Bei der Lektüre von „Dracula the Undead“ merkt man durchaus, wie viel Respekt Freda Warrington vor Bram Stokers Roman hat. Da dies der einzige ihrer Romane ist, den ich gelesen habe, weiß ich nicht, wie sie sonst schreibt, aber hier hat sie ihren Stil definitiv an Stokers Prosa und die Stilmittel des späten 19. Jahrhunderts angepasst, sei es in der Redeweise der Figuren oder den doch eher blumig ausfallenden Beschreibungen. Die Handlungs- und Denkweise der Figuren fühlt sich dabei durchaus wie eine kohärente Fortführung von „Dracula“ an. Allerdings sind 100 Jahre an Adaptionen und sonstigen Verarbeitungen der Geschichte nicht spurlos vorbeigegangen: Auch Warrington interpretiert den Grafen etwas positiver als Stoker dies tat, etwas romantischer und nachvollziehbarer. Warringtons Graf ist nach wie vor böse, wir haben es also nicht mit einer kompletten Umdeutung zu tun, aber gerade sein Verhältnis zu Mina wächst über die reine Täter/Opfer-Dynamik hinaus – auch das gehört mittlerweile fast schon zum guten Ton und wird erwartet.

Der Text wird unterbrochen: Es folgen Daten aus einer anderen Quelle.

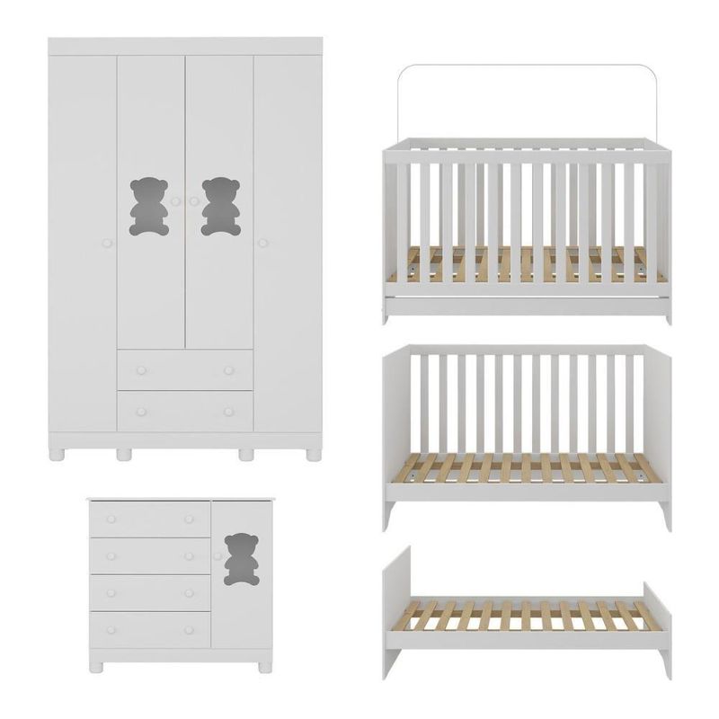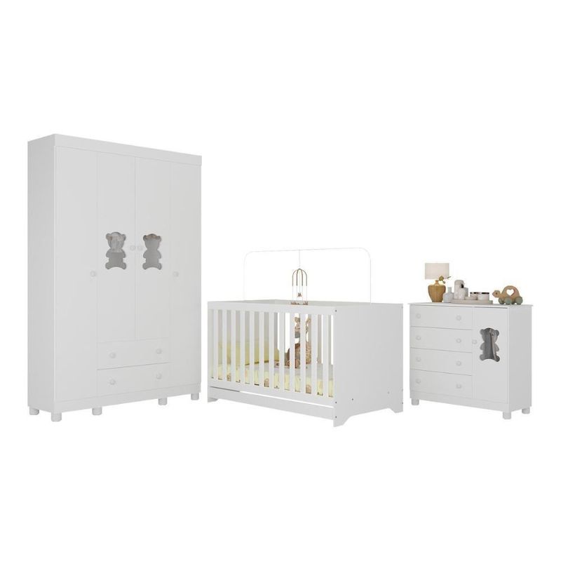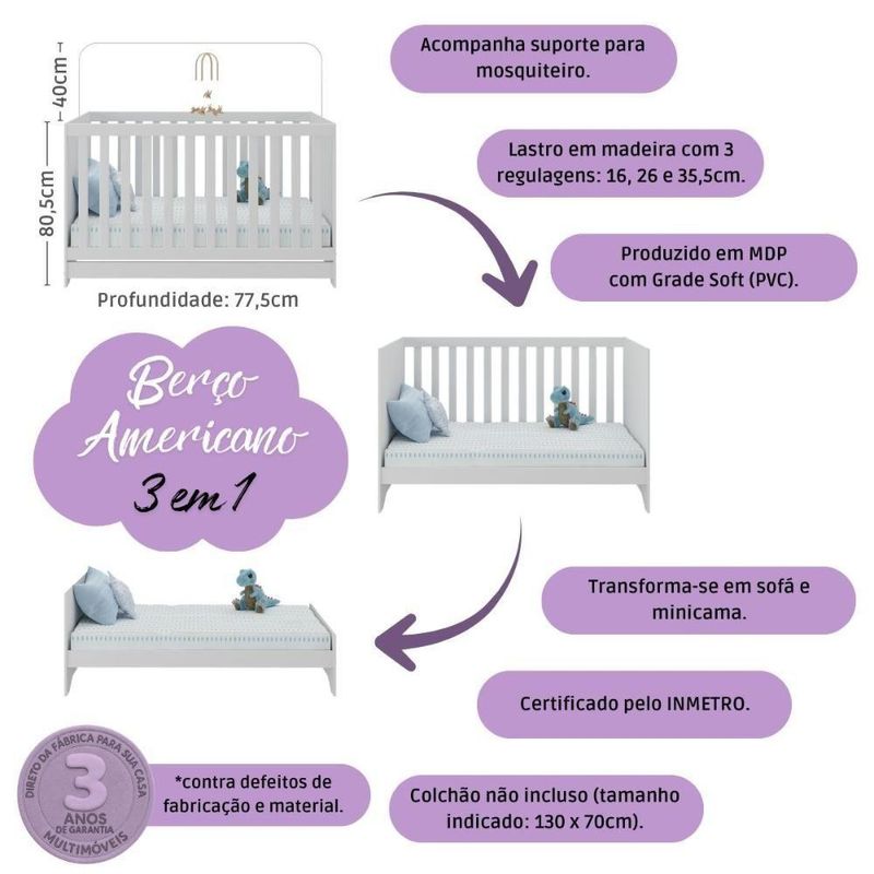 Quarto De Bebê Completo Com Berço Americano 3 Em 1 Fofura Multimóveis MP4645 BrancoCada detalhe do Quarto de Bebê Completo com Berço Americano 3 em 1 p/Colchão 130x70cm Multimóveis MP4645 foi criado para acolher o bebê com carinho. O design delicado e o visual encantador tornam o ambiente um verdadeiro abraço — ideal para viver os momentos mais doces da infância.Diferenciais:- 3 anos de garantia contra defeitos de fabricação e material.- Conjunto produzido em madeira de reflorestamento (MDP 12/15mm) com acabamento acetinado (cerca de 20% de brilho): sustentabilidade e durabilidade.- Berço 3 em 1 que se transforma em sofá e minicama, acompanhando o crescimento do bebê.- Lastro em madeira com 3 regulagens de altura e suporte para mosquiteiro para noites mais tranquilas e protegidas.- Berço certificado pelo INMETRO (Selo nº 0000085/2018).- Padrão americano (tamanho do colchão indicado: 130x70cm). Colchão não incluso.- Grade Soft (PVC): ecologicamente correta, com matéria-prima livre de metais pesados, atóxica e com proteção antiamarelamento.- Guarda-roupa com 4 portas e 2 gavetas: amplo espaço para organizar roupinhas e acessórios.- Cômoda com 1 porta e 4 gavetas.- Portas e gavetas produzidas em MDF.- Detalhes de vidro incolor temperado 3mm nas portas: toque charmoso que permite visualizar o interior dos móveis.- Corrediças telescópicas: abertura total e silenciosa das gavetas.- Cabideiro em alumínio: permite acomodar roupas longas e curtas para que não amassem.- Puxadores em ABS delicados e práticos.- Pés em polipropileno e rodapés: visual elegante e estabilidade para o guarda-roupa e a cômoda.- Sistema antitombamento no guarda-roupa e cômoda: proporciona segurança para o bebê e tranquilidade aos pais.Conteúdo da Embalagem:1 (um) Berço1 (um) Guarda-roupa1 (uma) CômodaManual de MontagemKit FerragemDimensões do Produto Montado:Berço - Altura: 80,5cm | Largura: 133cm | Profundidade: 77,5cmGuarda-roupa - Altura: 189cm | Largura: 122cm | Profundidade: 41cmCômoda - Altura: 88cm | Largura: 95cm | Profundidade: 42cm*Você pode consultar as medidas detalhadas na imagem técnica do produto.Observações Importantes:*As cores dos produtos podem sofrer variações de tonalidade de acordo com as configurações do seu dispositivo.*Aqui na Loja Multimóveis, você pode concluir sua compra facilmente com toda segurança. A entrega é garantida e você está em 1° lugar.*Imagens meramente ilustrativas (decoração não inclusa).*Os produtos serão entregues desmontados e não disponibilizamos o serviço de montagem. Acabamento: Finish Foil/Pintura UV | Tonalidade: Branco | Material: MDP | Referência do Modelo: MP4645 | Coleção: Fofura | Sistema de Montagem: O produto acompanha manual de montagem juntamente com kit ferragem. O produto será entregue desmontado e não disponibilizamos o serviço de montagem. | Instruções de Cuidado: Limpar com pano seco para retirar o pó. Não utilizar produtos químicos ou abrasivos. Não aplicar lustra móveis. | Produto Composto por: 1 berço, 1 guarda-roupa, 1 cômoda, manual de montagem e kit ferragem. | Altura Montado: 189 | Largura Montado: 122 | Profundidade Montado: 41 | Tamanho (L x A x P): 122 x 189 x 41 | Peso do Produto: 125 | Corrediça: Telescópica | Inclui Berço: Sim | Acompanha Colchão: Não | Inclui Guarda-Roupa: Sim | Inclui Gaveteiro: Sim | Material do Puxador: ABS | Quantidade de Portas: 5 | Quantidade de Gavetas: 6 | Quantidade de Puxadores: 17 | RBN: 17352335011 | Quantidade de Pés: 13 | Quantidade de Peças: 3 | Material dos Pés: Polipropileno | Produto: Conjunto de Quarto | Portátil: Não | Registro INMETRO: 0000085/2018 | Fabricante: Multimóveis | Regulamentado pelo INMETRO: Sim | Garantia do Fabricante: 3 | Requer Montagem: Sim | Altura do Produto com Embalagem: 54 | Largura do Produto com Embalagem: 82 | Comprimento do Produto com Embalagem: 188 | Peso do Produto com Embalagem: 125 | Nome do Produto no Fornecedor: | Estado de Origem: RS | Produto precisa de Montagem?: Sim, sugerimos a contratação do nosso serviço de montagem (para os CEPs em que o serviço está disponível) ou de algum profissional experiente de sua preferência | Tempo de Garantia: 3 meses | Descrição do Tamanho: (L x A x P): 122 x 189 x 41 cm | Tipo de cama: Berço | Marca: Multimóveis | Tamanho da cama: Berço | Quantidade de criados mudos: 0 | Tipo de madeira: N/A | Comprimento da cama: 77,5 cm | Altura da cama: 80,5 cm | É Kit de fábrica: Sim | Estilo: Moderno | Largura da cama: 133 cm | Idade recomendada: 0-24 meses | Idade: Bebê | Quantidade de caixas de embalagem: 06 | Destaque 1: Produzido em MDP/MDF com acabamento acetinado: durabilidade e resistência. | Destaque 2: Berço 3 em 1: transforma-se em sofá e minicama, acompanhando as fases da criança. | Destaque 3: Guarda-roupa com 4 portas, 2 gavetas e cabideiro de alumínio. | Destaque 4: Cômoda com 1 porta e 4 gavetas: amplo espaço interno. | Destaque 5: Corrediças telescópicas: abertura total e silenciosa das gavetas. | Baterias são necessárias?: Não | Certificação de teste externa: 0000085/2018 | Is Fragile: Não | Dimensões do item P x L x A: length#value=41;length#unit=centimeters;width#value=122;width#unit=centimeters;height#value=189;height#unit=centimeters | Quantidade de itens: 1 | Peso do item: unit=kilograms;value=125 | Número da peça: MP4645.697 | Inclui manual de montagem: Sim | Tipo de Garantia: Garantia do Fabricante | Montagem: Necessita Montagem | País de Origem: Brasil | Palavras-chave: berco com colchao, berco pequeno bercos moveis, berco que vira cama, berco mini cama, berco, quarto completo de bebe, berco e guarda roupa, kit quarto bebe, quarto de bebe completo, quarto de bebe, quarto bebe, jogo de quarto bebe, quarto completo bebe, kit quarto bebe moveis, quarto infantil bebe, kit quarto de bebe, berço e guarda roupa | Inclui cômoda trocador: Não | Cor: Branco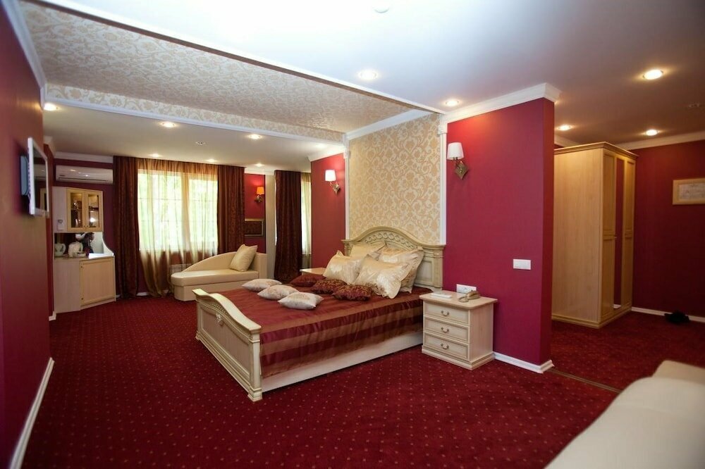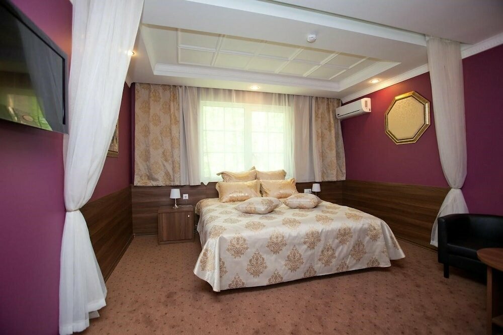 Удобства: — Бесплатная парковка, трансфер (платный/аэропорт). — Питание: ресторан, кафе, разнообразные завтраки (включены). — Досуг: сауна, баня, джакузи, караоке, бильярд, терраса. — Для гостей: номера с животными, кухонными уголками, детские кроватки, химчистка, прачечная.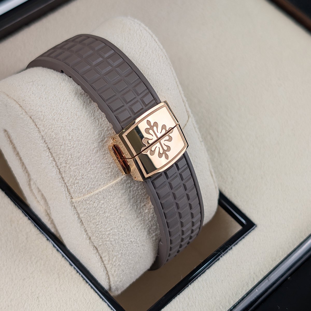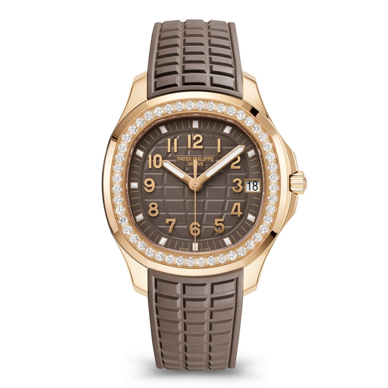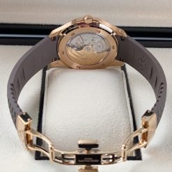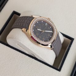 The Patek Philippe Aquanaut collection, introduced in 1997, represents the brand’s modern interpretation of luxury sports watches while maintaining the house’s commitment to exceptional craftsmanship. The 5268/200R-010 model exemplifies this philosophy with its elegant 38.8mm rose gold case that masterfully combines polished and satin-brushed surfaces, creating a play of light that enhances its sophisticated presence. The rounded octagonal bezel, set with 48 brilliant-cut diamonds, adds a touch of luxury without compromising the watch’s sporty character. The warm taupe dial features the distinctive Aquanaut embossed pattern, providing excellent legibility through its Arabic numerals and luminescent hands. Powered by the advanced Caliber 26-330 S C/430, this self-winding movement incorporates Patek Philippe’s latest technical innovations including the Gyromax® balance and Spiromax® balance spring for superior precision. The matching composite strap, developed specifically for the Aquanaut line, offers exceptional durability and comfort for daily wear. This timepiece transitions seamlessly from casual daytime occasions to elegant evening events, making it an ideal companion for the modern collector who appreciates both technical excellence and aesthetic refinement. As with all Patek Philippe creations, this watch is designed to become a cherished heirloom, representing the brand’s commitment to creating timepieces that transcend generations.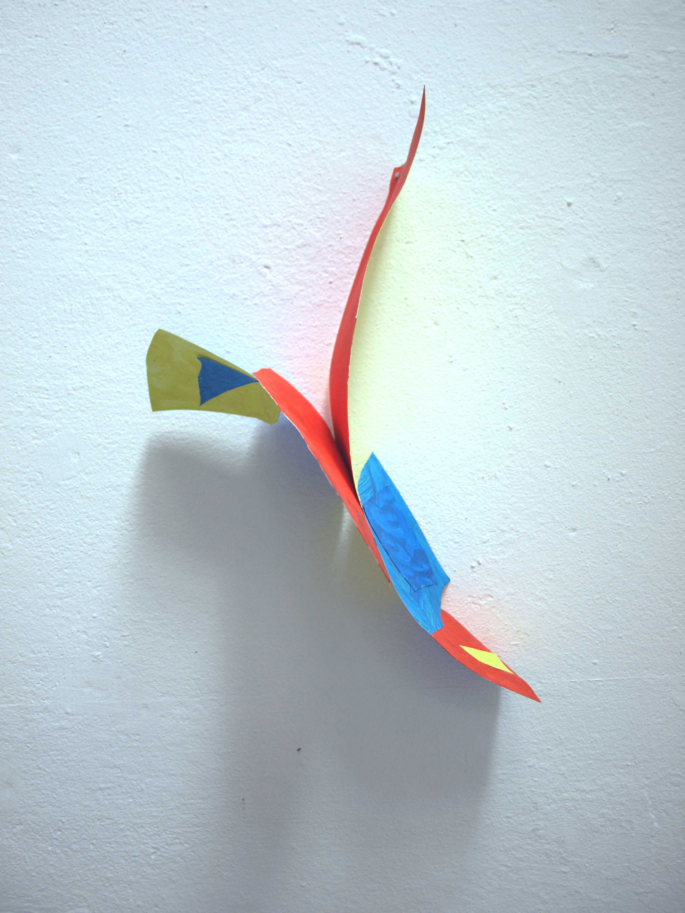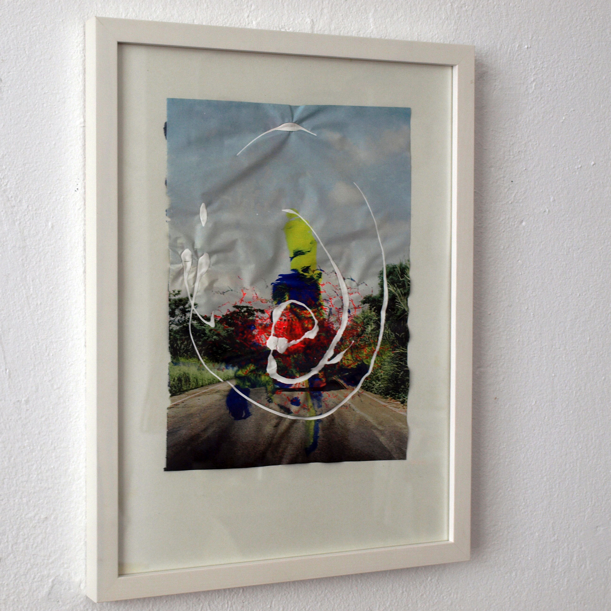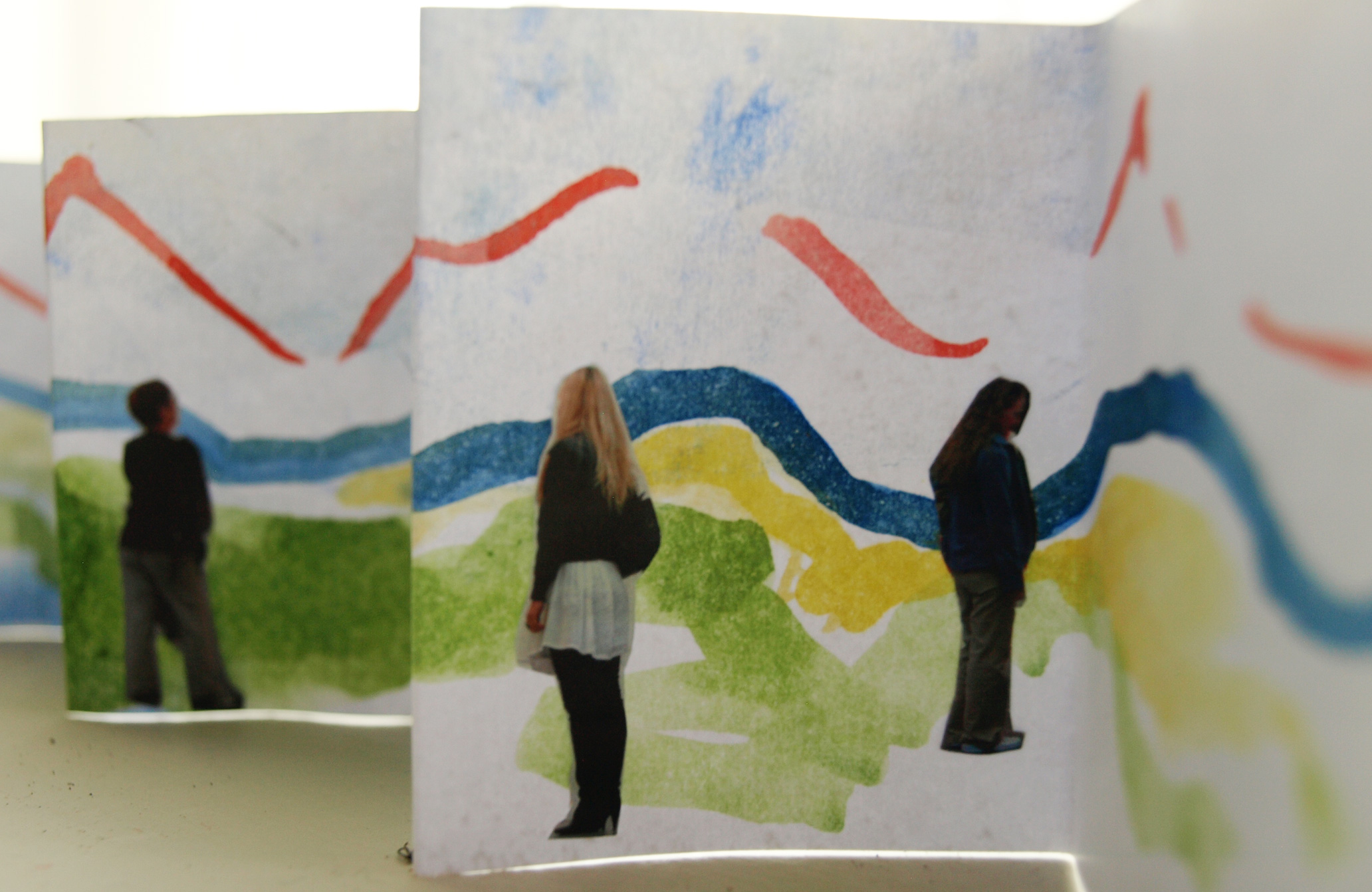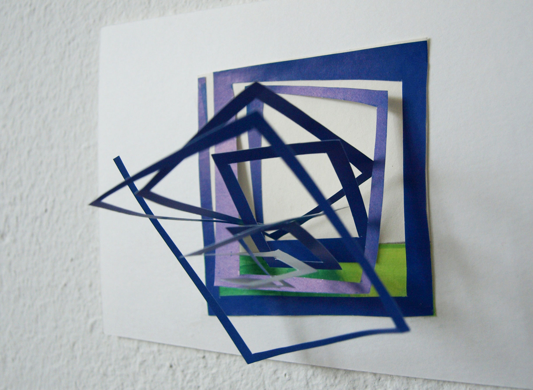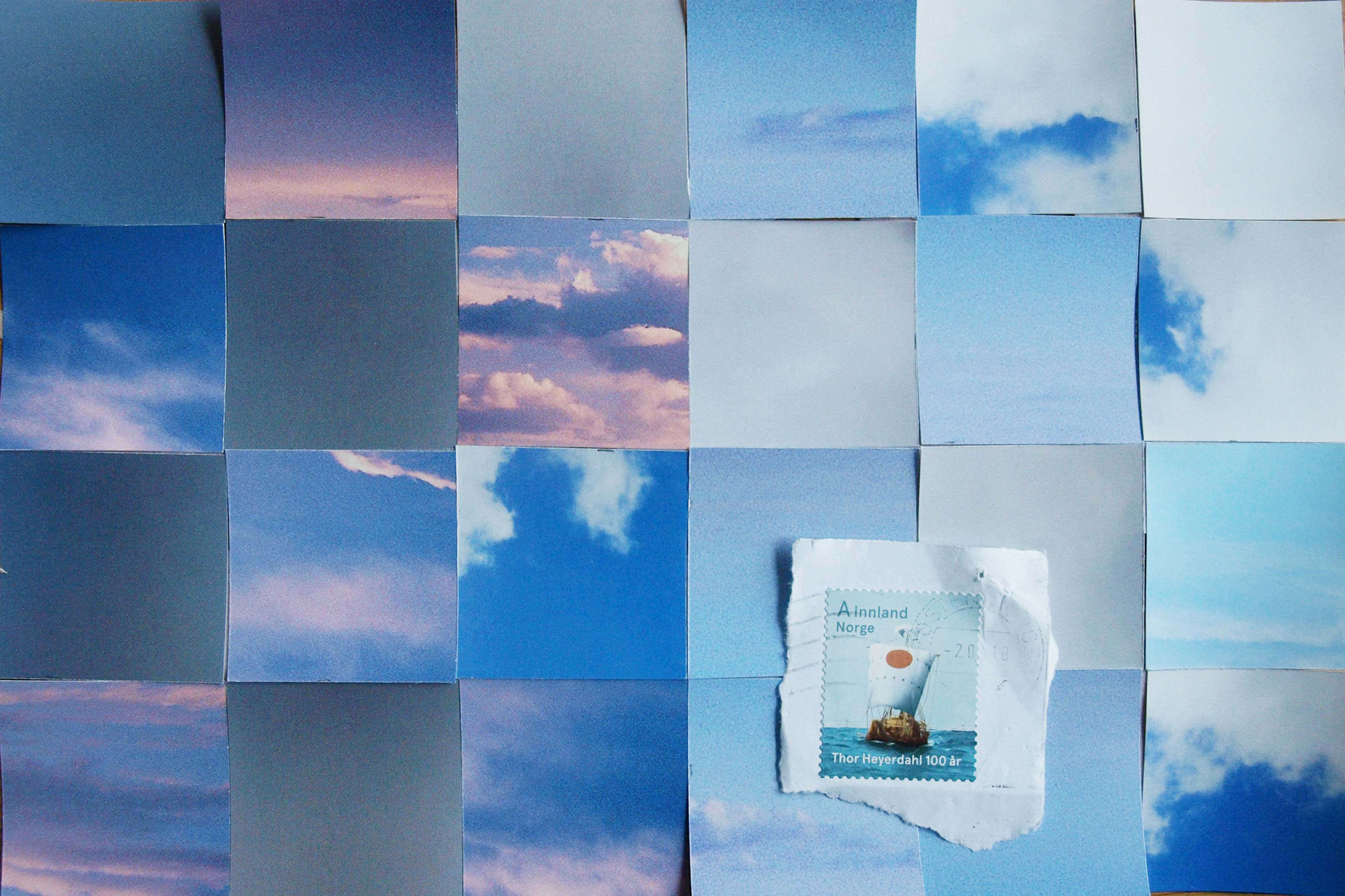 Not being able to go and travel as planned, I travel inside my head and find myself near the mountains and next to the sea. I re-shape images that I've gathered during journeys over the last years, such as historic postcards of the Rhone glacier in Switzerland, bridges in New York, and ice in the north. I work back and forth in layers at and on the wall. The different papers are canted, clamped, hung and glued together, and appear as paths that keep dividing and meeting.

Ganz ähnlich wie bei „Dracula“ ist auch die erste Hälfte von „Dracula the Undead“ die deutlich stärkere und spannendere. Gerade die Bemühungen, den Grafen ins Unleben zurückzuholen und die wachsende Suspense, während seine Widersacher noch ahnungslos sind – all das sorgt für die ansprechendsten Passagen des Romans. In der zweiten Hälfte agiert Dracula dann aber, anders als bei Stoker, sehr viel direkter mit unseren Helden, was einfach nicht ganz so gut funktioniert. Mit Elene hat Warrington allerdings eine äußerst interessante Figur geschaffen, die gewissermaßen den Platz Renfields einnimmt. Man fühlt sich in mancher Hinsicht an den Renfield aus Universals „Dracula“ erinnert, der den Grafen nicht einfach nur in England erwartet, während er Insekten schnabuliert (Letzteres tut Elena allerdings nicht), sondern ihn aktiv von Transsylvanien nach England bringt. Elena beginnt als sympathische Figur, die verständlicherweise aus ihrem restriktiven Umfeld ausbrechen möchte, dafür aber gewissermaßen einen Deal mit dem Teufel eingeht. Über den Verlauf der Geschichte wird sie jedoch konsequent labiler, was wir als Leser direkt mitbekommen, gehört sie doch zu den Tagebuchschreibern. Irgendwann ist schließlich der Punkt erreich, an dem sie sich sowohl in Dracula als auch in Mina verliebt zu haben scheint und gleichzeitig auf beide eifersüchtig ist.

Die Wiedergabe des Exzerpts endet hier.